The government may be well within its legal rights to censure Air India's Austrian COO Gustav Balduf for breaking his confidentiality agreement and complaining of political interference to a national newspaper earlier this week.
But listening a little more closely to Balduf's message may do the airline a world of good, especially now that Air India's four independent directors are also questioning the management. It doesn't take a finance specialist to fathom that Air India is a failed enterprise that is being kept alive only by political will.
Anywhere else in the world, a commercial entity that has run up a debt of Rs. 40,000 crore (Rs. 400 billion) on a topline of Rs. 8,000 crore (Rs. 80 billion) would be closed forthwith because no buyer would touch it.
But with Air India, the more things change the more they remain the same. Consider the United Progressive Alliance's track record. Since it came to power in 2004, it has pumped in Rs. 2,000 crore (rs. 20 billion) of taxpayers' money into the airline.
Yet, the airline continued to bleed with accumulated losses at Rs. 15,000 crore (Rs. 150 billion). At a time when the aviation market was tanking, the then civil aviation minister Praful Patel decided to splurge Rs. 46,000 crore (Rs. 460 billion) to add 111 aircraft to its fleet and generously pave the way for private competition to soar.
On the politically prickly question of actually downsizing the airline's 29,000-strong staff the single-biggest cause of the airline's problems there was silence.
Bizarrely, more than half the airline's debt - Rs. 21,000 crore (Rs. 210 billion) - comprises working capital loans that the management has borrowed to pay its bloated, inefficient and intransigent staff.
The airline's 14 unions have struck work twice since 2004,
mainly on the issue of downsizing, demonstrating the same acute sense of irresponsibility that has brought the trade union movement into disrepute in India.
The new minister, Vayalar Ravi, has not displayed any striking originality of thought since he took charge.
He has suggested that the Indian taxpayer donate the ailing airline another Rs. 10,000 crore (Rs. 100 billion) to maintain it in its state of steady sickness.
This is actually an underestimation; Air India's management reckons it needs Rs. 17,500 crore (Rs. 175 billion).
Also, Ravi's trade union background has meant a warm welcome from the trade unions that have steadfastly declined salary cutbacks, let alone retrenchment.

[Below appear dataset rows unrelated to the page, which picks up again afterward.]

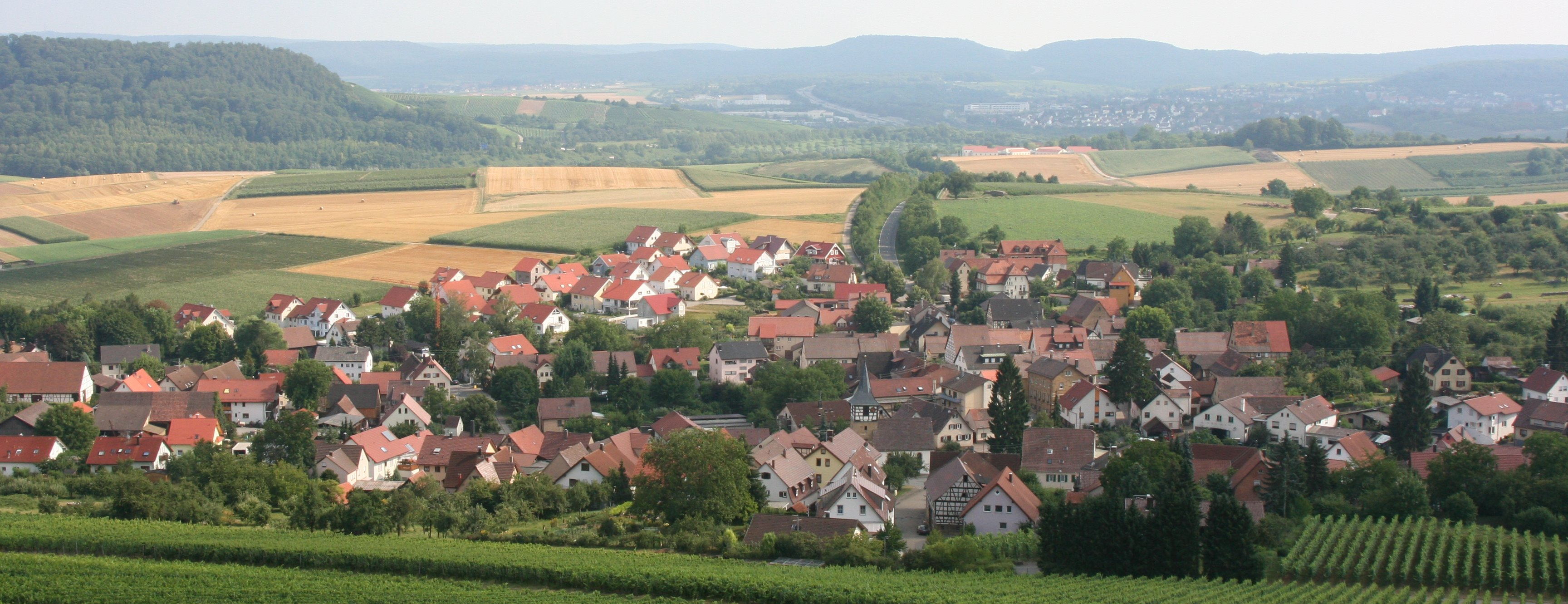 Weinsberg-Gellmersbach photographed from the North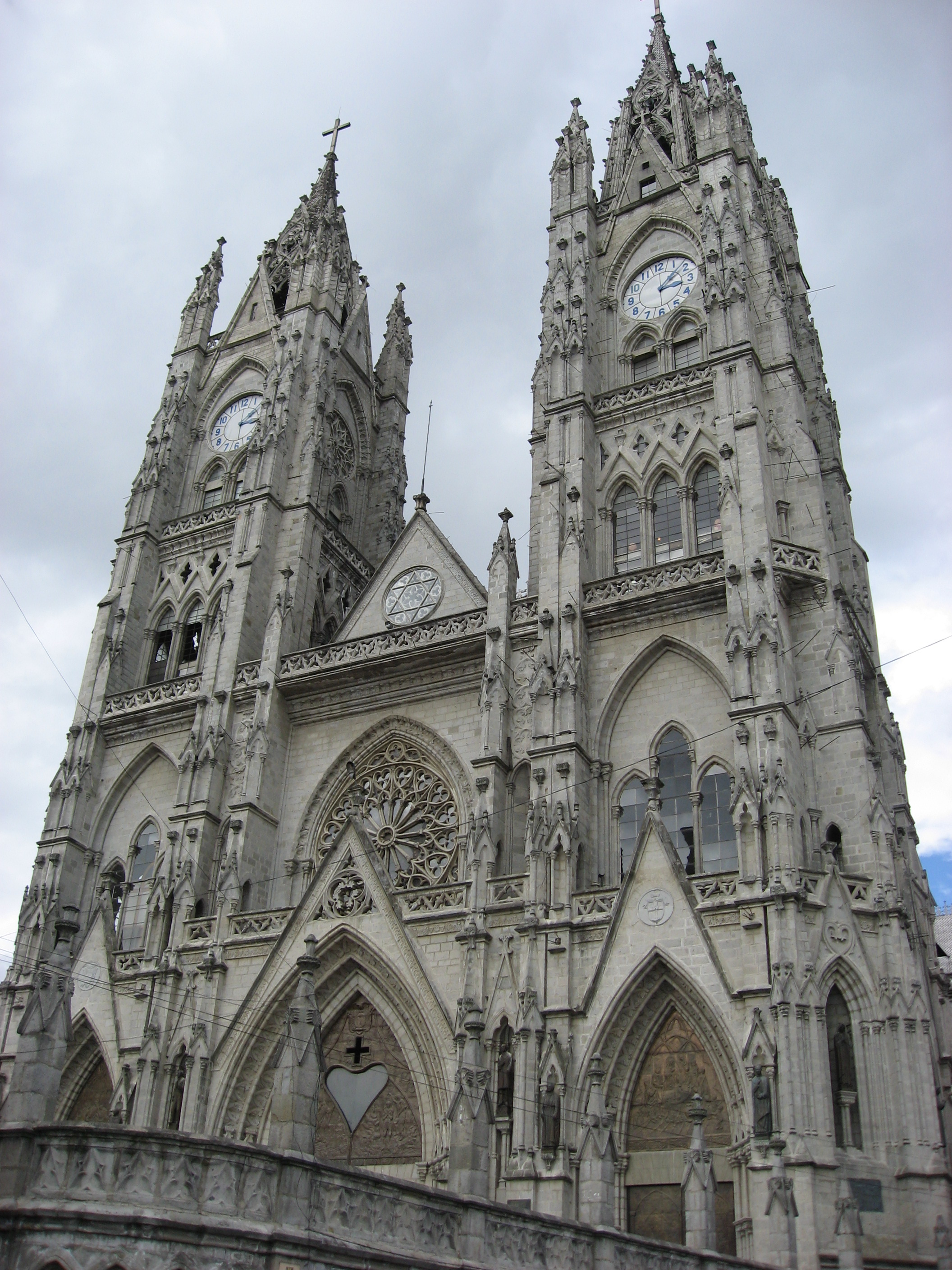 Basilica del Voto Nacional, en Quito Ecuador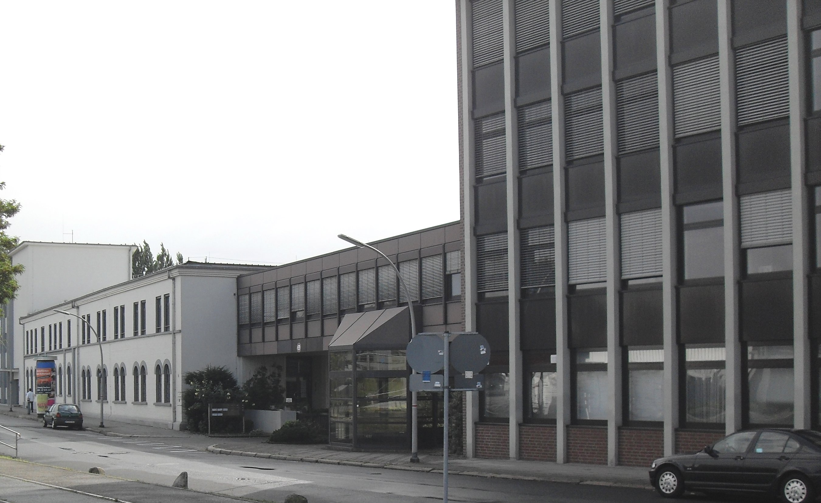 Main entrance of BMA AG in Braunschweig, Germany

They know he speaks the same language - which is perhaps why Air India's pilots have sent the airline yet another strike notice in the confidence that the former Kerala Students Union organiser will accede to their demands, no matter how unreasonable they are.
Mr Baldauf's complaint about political interference is odd, since he should have known when he took the job that such interference comes with the territory.
Air India has long ceased to be a commercial entity: it is of the government, exists for the government and is run by the government.
The service it renders as a "national carrier", flying uneconomic but important routes, can be performed by any airline if such routes are openly subsidised by the government.
The exchequer would save money if it were to subsidise specific routes rather than an entire airline. The time to privatise is here and now.